- Employer: University of Wollongong
- Known for: Medical research, anatomy, hormones
- Title: Associate Professor
- Website: https://scholars.uow.edu.au/theresa-larkin

= Theresa Larkin =

Medical science educator and researcher

Theresa A Larkin is an associate professor, medical science educator and researcher, science communicator and regular radio presenter, and Superstar of STEM from Science Technology Australia, in the 2023–24 cohort.

== Education and career ==
Larkin has a Bachelor of Science (hons) in chemistry, a Masters of Higher Education, and a PhD in Biomedical Sciences from the University of Wollongong, in 2005, from the School of Medicine.

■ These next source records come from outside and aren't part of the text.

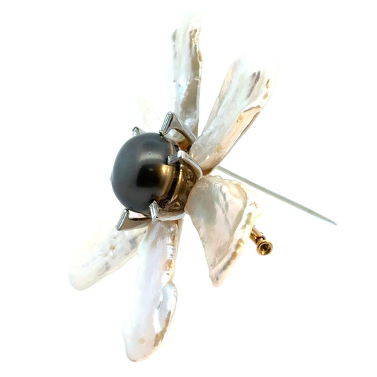 Luxurious 18K Yellow Gold Black & Natural Keshi Pearl & Diamond Brooch
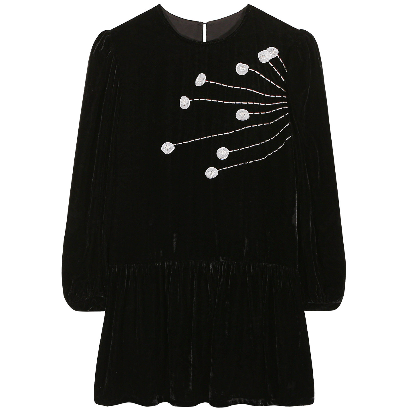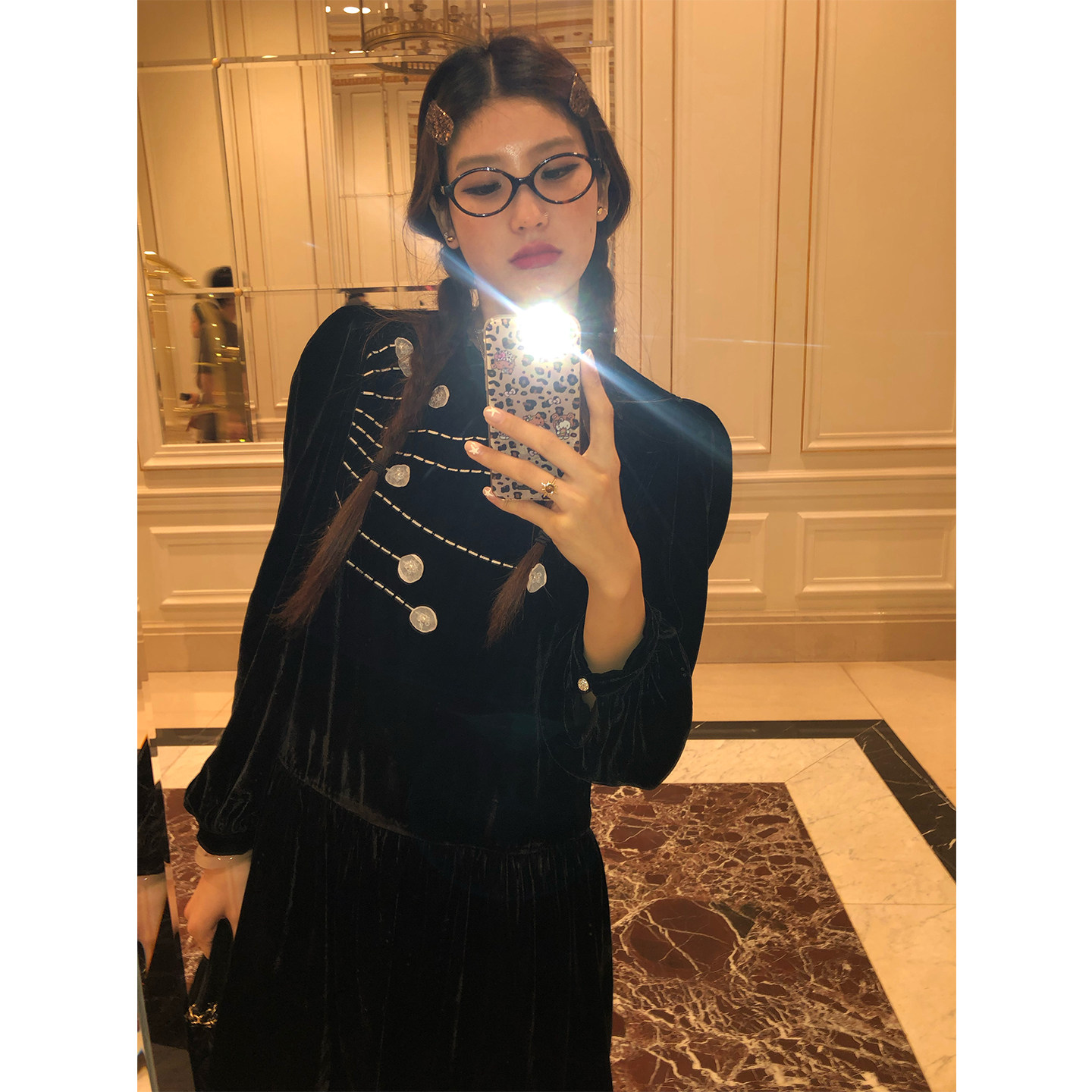 落落狷介黑色长袖连衣裙女2025年新款设计感小众复古风泡泡袖裙子
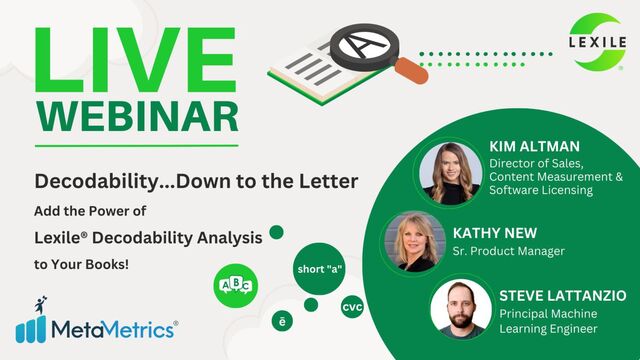 Join Kim Altman, Director of Sales, Kathy New, Senior Product Manager, and Steve Lattanzio, Principal Machine Learning Engineer, for a closer look at our science of reading-aligned, first-of-its-kind analysis of decodable books. Learn:
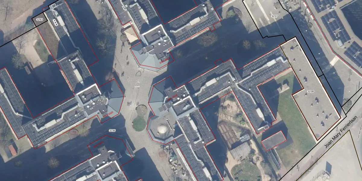 Het perceel waarop Dalsteindreef 3245 staat heeft een oppervlakte van 2,9 ha. Dit is een zeer groot perceel. De perceeloppervlakte wordt geregistreerd door het Kadaster. Gedetailleerde informatie over de maten van dit perceel kunt u vinden in het rapport Kadastrale kaart met maatvoering van Dalsteindreef 3245.
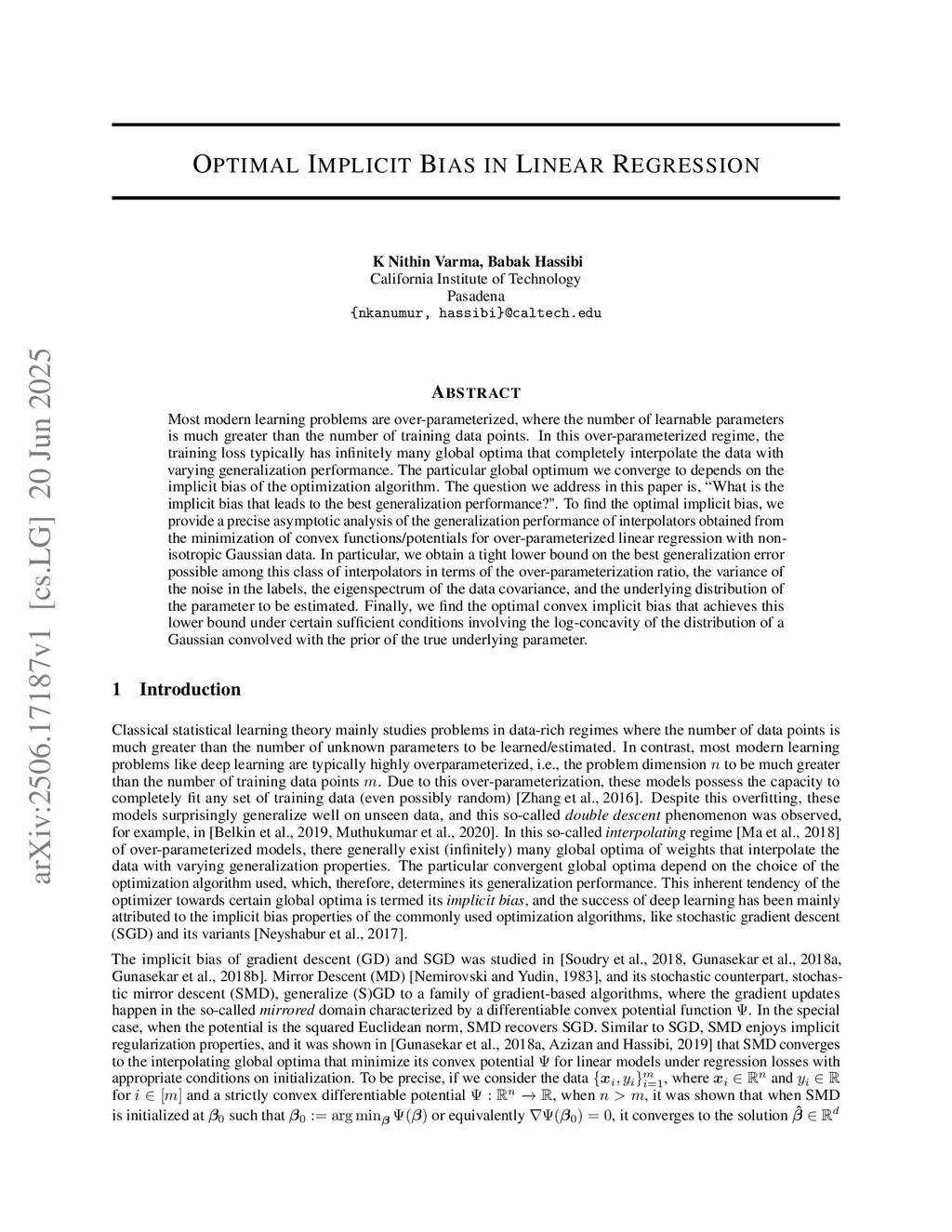 Most modern learning problems are over-parameterized, where the number of learnable parameters is much greater than the number of training data points. In this over-parameterized regime, the training loss typically has infinitely many global optima that completely interpolate the data with varying generalization performance. The particular global optimum we converge to depends on the implicit bias of the optimization algorithm. The question we address in this paper is, ``What is the implicit bias that leads to the best generalization performance?". To find the optimal implicit bias, we provide a precise asymptotic analysis of the generalization performance of interpolators obtained from the minimization of convex functions/potentials for over-parameterized linear regression with non-isotropic Gaussian data. In particular, we obtain a tight lower bound on the best generalization error possible among this class of interpolators in terms of the over-parameterization ratio, the variance of the noise in the labels, the eigenspectrum of the data covariance, and the underlying distribution of the parameter to be estimated. Finally, we find the optimal convex implicit bias that achieves this lower bound under certain sufficient conditions involving the log-concavity of the distribution of a Gaussian convolved with the prior of the true underlying parameter.
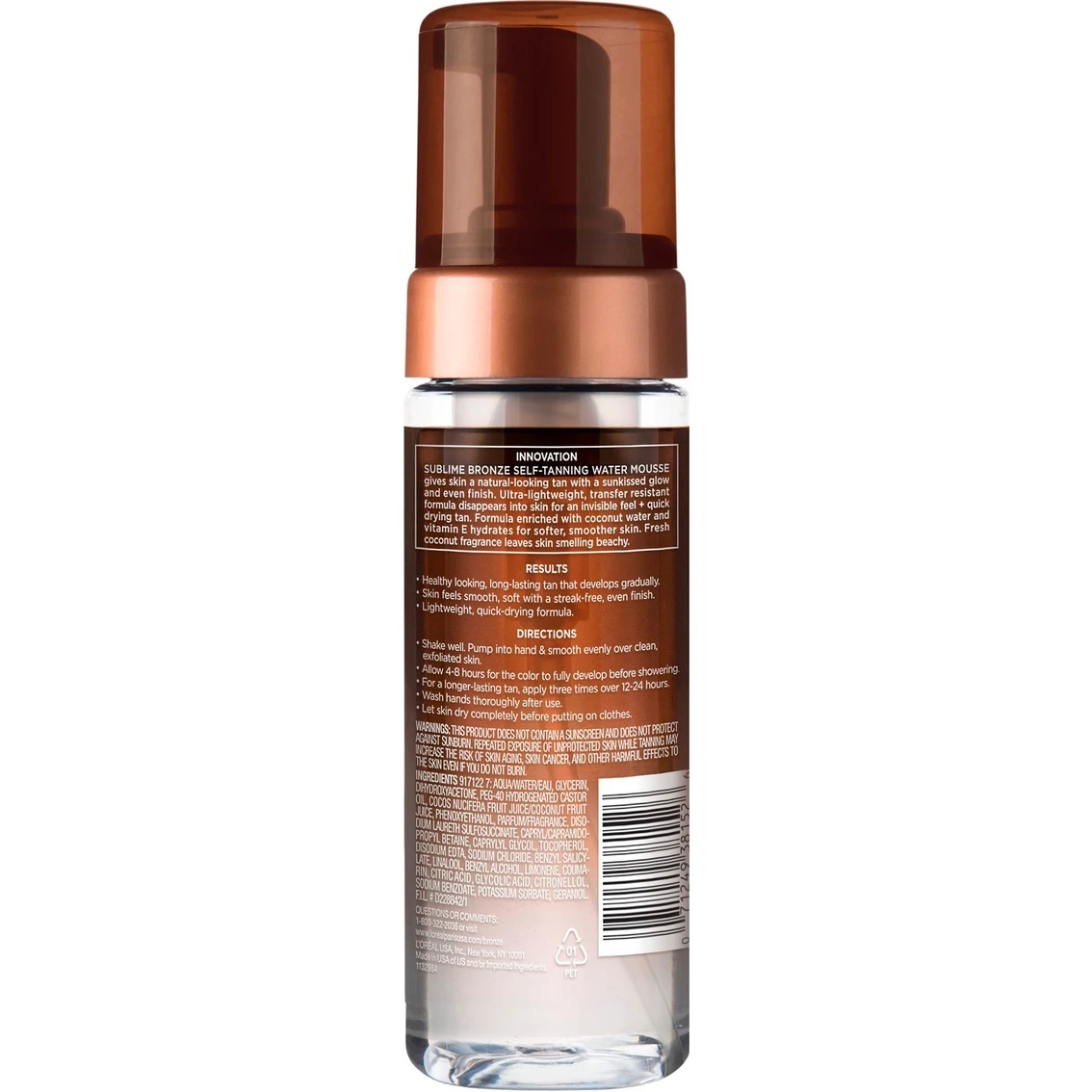 L’Oreal Paris Sublime Bronze Hydrating Self-Tanning Water Mousse instantly provides a natural-looking tan, sunkissed glow and even finish. Size: 5 oz.

Larkin lectures in anatomy and physiology to medical students. She conducts research on hormones and health, and clinical anatomy, focusing on the impact of hormones on depression and anxiety, the causes of chronic pelvic pain, and the influence of hip muscle strength on knee and back pain.

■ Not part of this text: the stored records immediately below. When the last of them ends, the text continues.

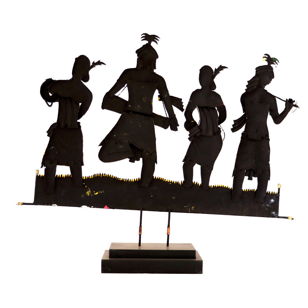 A group of four tribal figures in Bastar Iron Art forms a captivating tableau on a rustic, handcrafted field. These intricate sculptures, meticulously crafted by skilled Bastar artisans, depict tribal individuals engaged in various activities. Each figure exudes a sense of tribal life and culture, showcasing their connection to nature and community. This unique artwork is a testament to the rich artistic heritage of Bastar, capturing the essence of tribal existence in a captivating and visually striking manner.
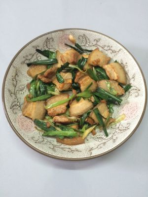 倒入酱油,料酒,盐翻炒,最后放入蒜苗炒后,盛入盘子,五花肉就好啦
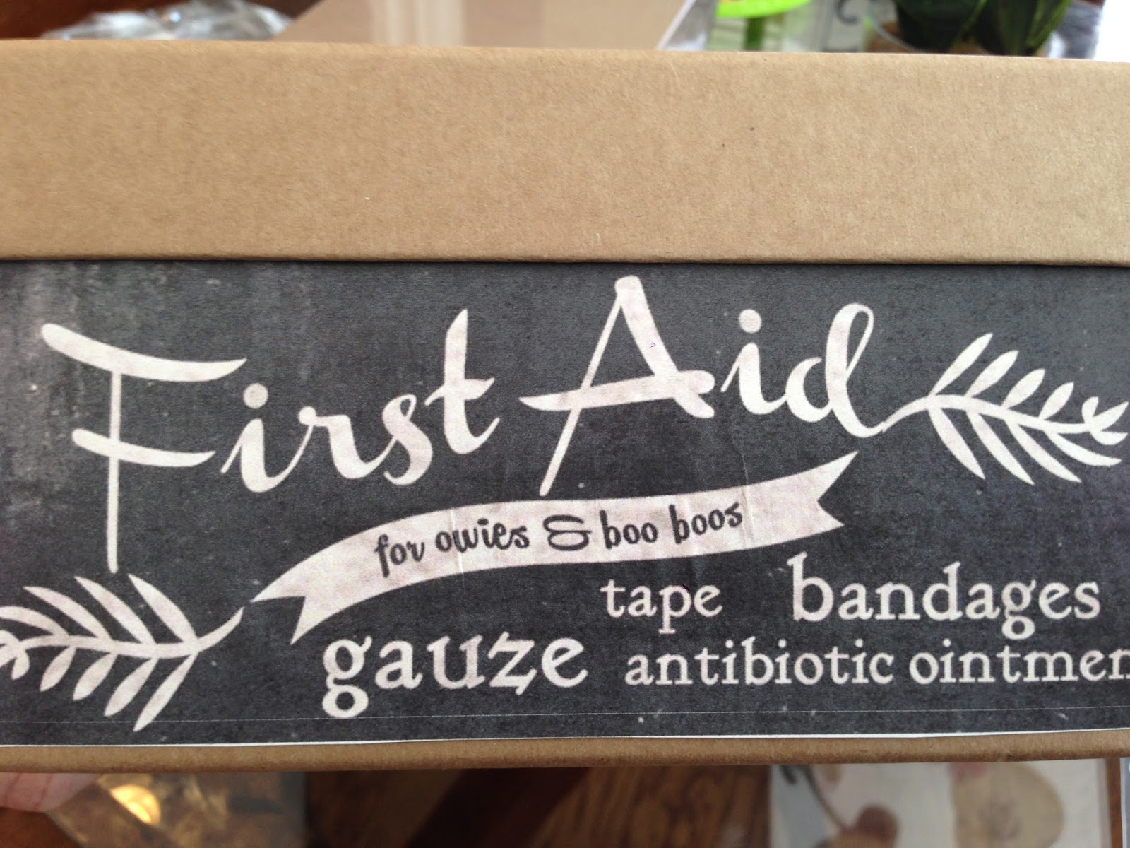 3. Place items back inside each box. We used First Aid for all the bandages, gauze, Neosporin, aloe vera, etc. All the other medicine went into the Aches and Pains box.

Larkin is an advocate for equity, diversity, and inclusion, and for improving the accessibility of STEM. She serves as a mentor for the HSC Science Extension subject.

== Publications ==
Larkin has over 1280 citations, as of May 2024, and an h-index of 20, according to Google Scholar. Select publications include:

- Larkin TA, WE Price, L Astheimer (2008) The key importance of soy isoflavone bioavailability to understanding health benefits. Critical reviews in food science and nutrition 48 (6), 538–552.
- Larkin TA, Deen R, Amirnezami T, Shvartsbart A, Villalba L (2024) Pharmacomechanical thrombectomy of iliofemoral deep vein thrombosis is associated with a low incidence of post-thrombotic syndrome and perioperative complications, ANZ Journal of Surgery 94(3):438-444
- Villalba L, Larkin TA (2023) Outcomes of dedicated iliac venous stents during pregnancy and postpartum. European Journal of Vascular and Endovascular Surgery66(1):e12.
- Noonan SHJ, Larkin TA (2023) Associations among maternal characteristics, labour interventions, delivery mode and maternal antenatal complications in a NSW large rural town, and comparison to NSW state data. Australian Journal of Rural Health. 31(3):417-425.

== Media ==
Larkin has been a keynote speaker, on topics such as burnout for women in the media. She has also contributed extensively to the media, including Pint of Science, 12 articles in The Conversation, on topics including, why blood is red, burnout and depression, hormones and chemotherapy, hay fever, vagus nerves, and lymph nodes.

Larkin has also contributed to the ABC in print, radio, on dopamine, on sunscreen labels, and how to protect your skin, on why the science behind the vagus nerve and cortisol, and ways to improve these are in social media.

== Awards ==

- 2022 – Superstar of STEM, Science Technology Australia.
- 2015 – National Teaching Award for innovative practices in anatomy.